■ **Exercise**: Through the line with "Any TATTOO enthusiast" and starting from the first line, return the records below word for word, with pictures left out.

___ Exercise data ___

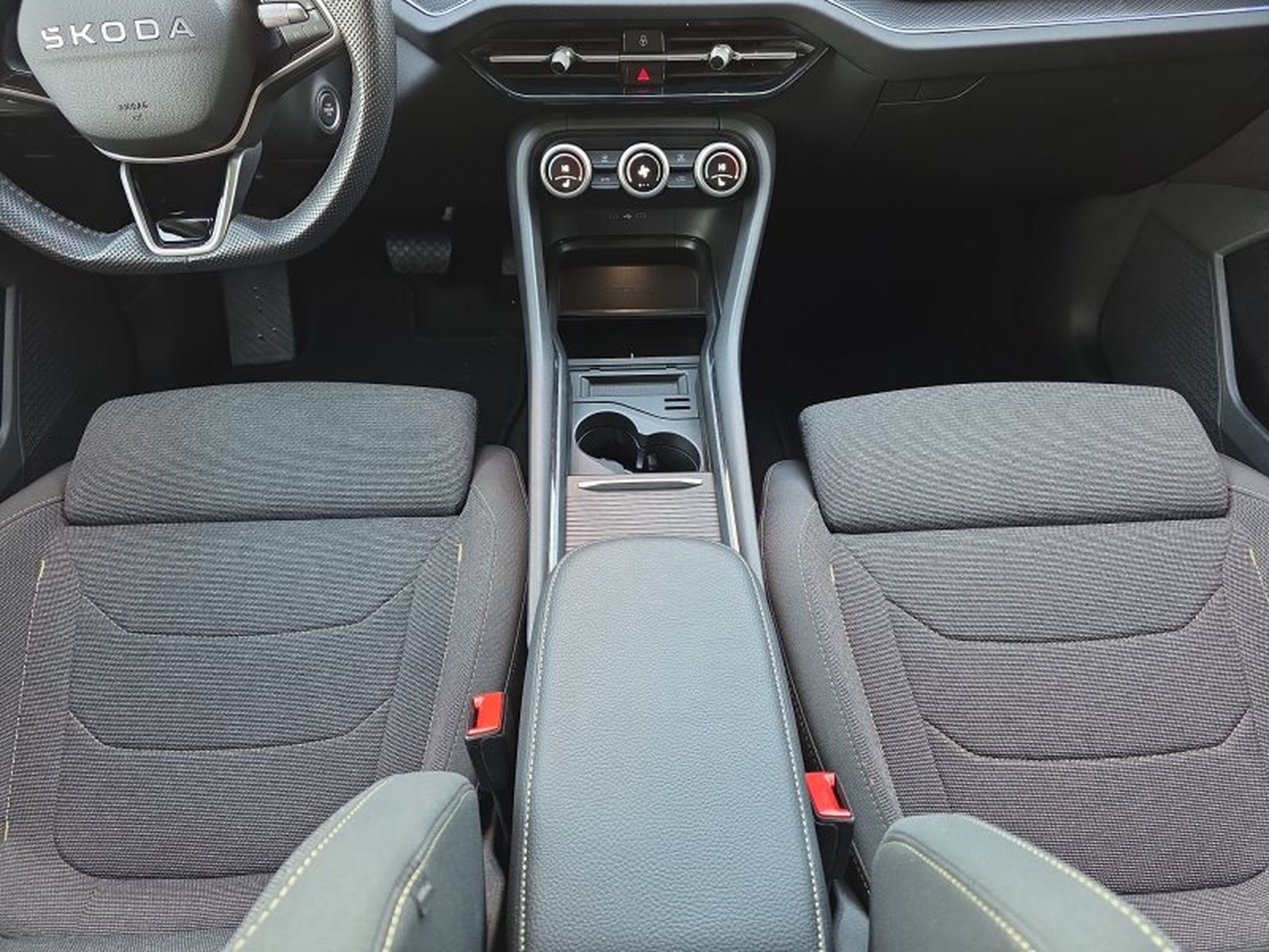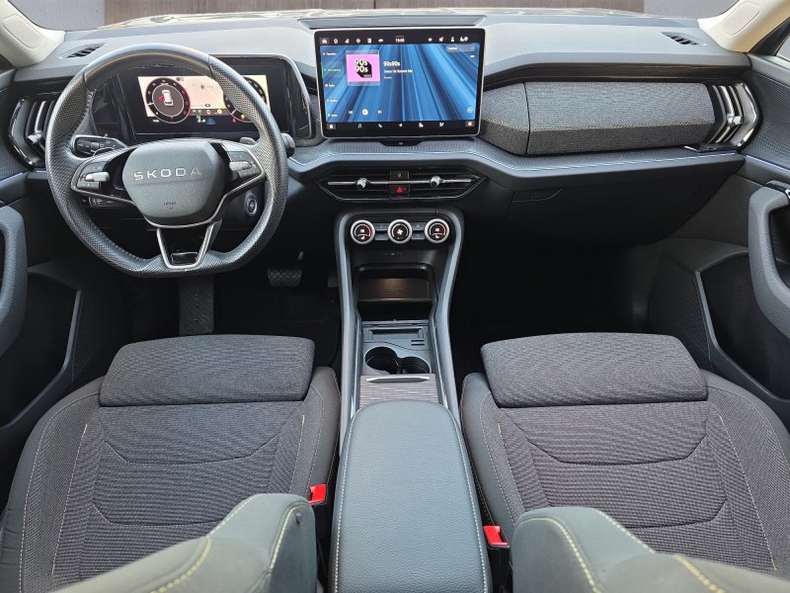Das Interieur des Skoda Kodiaq überzeugt durch hochwertige Materialien und durchdachtes Design. Der großzügige Innenraum bietet drei Zonen-Klimaautomatik, einen digitalen Kombiinstrumenten-Display (Virtual Cockpit Plus) sowie ein modernes Infotainment-System mit 13-Zoll-Touchscreen inklusive Navigation, DAB-Radio und Smartphone-Integration via Apple CarPlay und Android Auto. Eine induktive Ladestation ermöglicht kabelloses Laden kompatibler Smartphones.
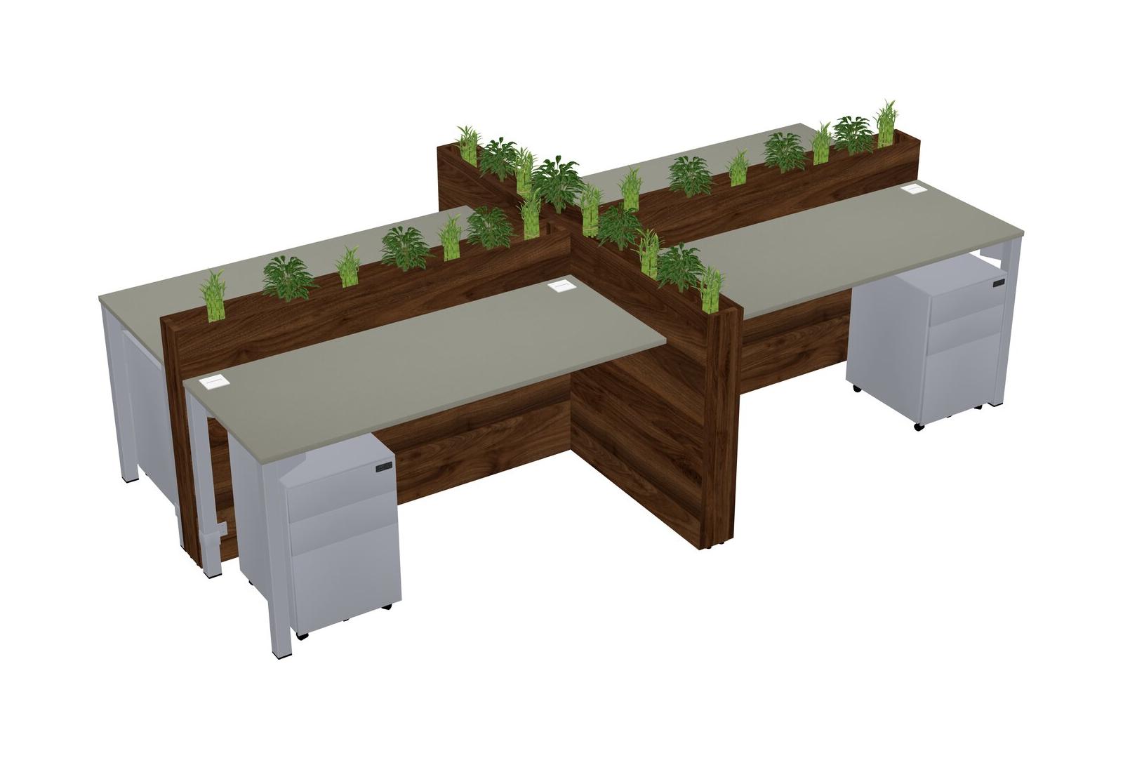 Grey Shadows Rectangular Shared Office Desk For 4 Persons Let Nature Help Flourish Your Productivity The Base Comes With An Adjustable Shelf To Provide Space For Pots (Pots & Plants Sold Separately)
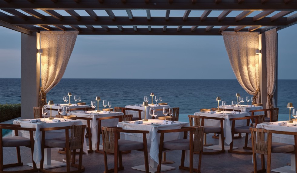 Sun loungers hug the angles of a giant L-shaped infinity pool, egg chairs hang ready for Instagram poses, and neatly clipped lawns descend to a secluded beach with a wooden sundeck on stilts and a jetty stretching far out to sea. The spa offers a wide range of treatments as well as a sauna and hammam, while dining options range from fine-dining restaurant Melia to Greek restaurant Ostria and international restaurant Gaia.
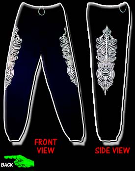 Any TATTOO enthusiast will be "sweating" to get a pair of these original Maori Tribal Sweatpants! The design is based on the tattoos of a mummified head I once viewed of a Maori Chief that was brought to the states during the turn of the century! On the rare occasion that one of these heads come up for sale it will fetch a price of tens of thousands dollars- but these sweatpants won't cost you ANYWHERE near that! This UNIQUE design is printed down each side of the leg! The print itself is huge-almost 25 inches from top to bottom! You'll be bound to loose YOUR head if you don't get these- so go a"head" and add them to your Satan's | ||||||||||||||||||||||
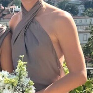 Show Me Your Mumu Jasmine Halter Maxi Bridesmaid Dress XXS Dune Luxe Satin
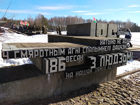 Так, 22 сакавіка 1943 года звар’яцелыя фашысты ўварваліся ў вёску Хатынь і акружылі яе. Жыхары нічога не ведалі пра тое, што раніцай за 6 км ад Хатыні партызанамі была абстраляная аўтакалона фашыстаў і ў выніку нападу забіты нямецкі афіцэр. Фашысты вынеслі смяротны прысуд усёй вёсцы. У гэты дзень загінула 149 чалавек, у тым ліку 75 дзяцей.

___

■ **Solved exercise**:
Das Interieur des Skoda Kodiaq überzeugt durch hochwertige Materialien und durchdachtes Design. Der großzügige Innenraum bietet drei Zonen-Klimaautomatik, einen digitalen Kombiinstrumenten-Display (Virtual Cockpit Plus) sowie ein modernes Infotainment-System mit 13-Zoll-Touchscreen inklusive Navigation, DAB-Radio und Smartphone-Integration via Apple CarPlay und Android Auto. Eine induktive Ladestation ermöglicht kabelloses Laden kompatibler Smartphones.
 Grey Shadows Rectangular Shared Office Desk For 4 Persons Let Nature Help Flourish Your Productivity The Base Comes With An Adjustable Shelf To Provide Space For Pots (Pots & Plants Sold Separately)
 Sun loungers hug the angles of a giant L-shaped infinity pool, egg chairs hang ready for Instagram poses, and neatly clipped lawns descend to a secluded beach with a wooden sundeck on stilts and a jetty stretching far out to sea. The spa offers a wide range of treatments as well as a sauna and hammam, while dining options range from fine-dining restaurant Melia to Greek restaurant Ostria and international restaurant Gaia.
 Any TATTOO enthusiast will be "sweating" to get a pair of these original Maori Tribal Sweatpants! The design is based on the tattoos of a mummified head I once viewed of a Maori Chief that was brought to the states during the turn of the century! On the rare occasion that one of these heads come up for sale it will fetch a price of tens of thousands dollars- but these sweatpants won't cost you ANYWHERE near that! This UNIQUE design is printed down each side of the leg! The print itself is huge-almost 25 inches from top to bottom! You'll be bound to loose YOUR head if you don't get these- so go a"head" and add them to your Satan's | ||||||||||||||||||||||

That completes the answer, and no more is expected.